Grundlage der Kostenschätzung ist die Annahme, dass seit 1990 rund 26 Millionen Tonnen asbesthaltiges Gestein aus vier Steinbrüchen abgebaut wurden. Greenpeace geht davon aus, dass etwa 20 Millionen Tonnen kurz- oder langfristig auf Asbestdeponien landen werden, während der Rest als Straßenunterbau, Fundamente oder in privaten Gärten in der Umwelt verbleibt und kaum mehr rückholbar ist. Rund 20 Prozent des Abfalls sollen in Form von asbesthaltigem Asphalt anfallen, dessen Deponierung besonders aufwendig ist und künftige Straßensanierungen über Jahrzehnte verteuern dürfte.

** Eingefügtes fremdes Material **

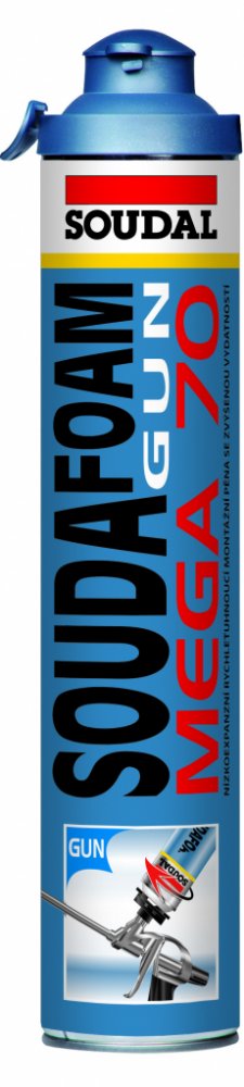 Profesionální montážní pěna se speciální recepturou a zvýšeným obsahem náplně. Trvalá vodotěsnost a vzduchotěsnost, zajišťuje parotěsnou zábranu z interiéru a paropropustnou z exteriéru. Rychletuhnoucí, nízkoexpanzní, atd. Soudafoam Gun MEGA Profesionální montážní pěna se speciální recepturou a zvýšeným obsahem náplně. Garantuje vysoce kvalitní a efektivní ošetření připojovací spáry při montáži výplní stavebních otvorů. Součást SOUDAL WINDOW SYSTEM. SWS splňuje požadavky ČSN 74 6077 na trvalou vodotěsnost a vzduchotěsnost, zajišťuje parotěsnou zábranu z interiéru a paropropustnou z exteriéru. Bez obsahu CFC (nepoškozuje ozónovou vrstvu). Zvýšená objemová vydatnost, rychletuhnoucí, nízkoexpanzní, výborná přilnavost na PVC, dřevo, hliník i většinu ostatních stavebních materiálů (mimo PP, PE, PTFE), po vytvrzení objemově stálá, vynikající tepelně a zvukově izolační vlastnosti, umožňuje přesné dávkování a efektivní využití s minimálním ořezem. Verze CLICK je vybavena unikátním bajonetovým systémem upínání na pistoli CLICK&FIX. CHARAKTERISTIKA PRODUKTU vynikající přilnavost na většinu materiálů výborné tepelné a akustické izolační vlastnosti určena k profesionálnímu využití vynikající objemová stabilita po vytvrzení PŘÍKLADY POUŽITÍ profesionální instalace okenních a dveřních rámů tmelení a vyplňování otvorů v konstrukci střech montáž a tmelení rámů oken a dveří zlepšení tepelně izolačních vlastností chladicích systémů PRACOVNÍ POSTUP Pracovní postup naleznete v technickém listu

Mindestens drei Viertel der veranschlagten 1,6 Milliarden Euro entfallen laut Greenpeace auf die Entsorgung des Materials, der Rest auf Sanierungen. Für die Rechnung wurde ein Entsorgungspreis von lediglich 50 Euro je Tonne angesetzt – etwa die Hälfte des vor Bekanntwerden des Skandals üblichen Marktpreises. Diese Kalkulation sei nur zu halten, wenn rasch neue, sichere und kostengünstige Deponien errichtet werden, etwa in bereits geschlossenen Steinbrüchen, argumentiert Greenpeace. Andernfalls könnten sich die Gesamtkosten nach Einschätzung der Organisation auf mindestens das Doppelte erhöhen.
Die von Greenpeace genannten Summen übersteigen die Umsätze der betroffenen Steinbruchbetreiber deutlich und dürften auch die finanziellen Möglichkeiten des Landes Burgenland überfordern. Die Umweltorganisation drängt daher auf ein Eingreifen des Bundes und fordert, Mittel aus der Katastrophenhilfe bereitzustellen und einen Rahmen für eine kostengünstige Entsorgung zu schaffen. Zugleich verweist sie auf die Verantwortung des zuständigen Umweltministers, für ausreichend Deponiekapazitäten zu sorgen, um Kostenrisiken zu begrenzen und die logistisch aufwendige Räumung der asbestbelasteten Materialien langfristig planbar zu machen.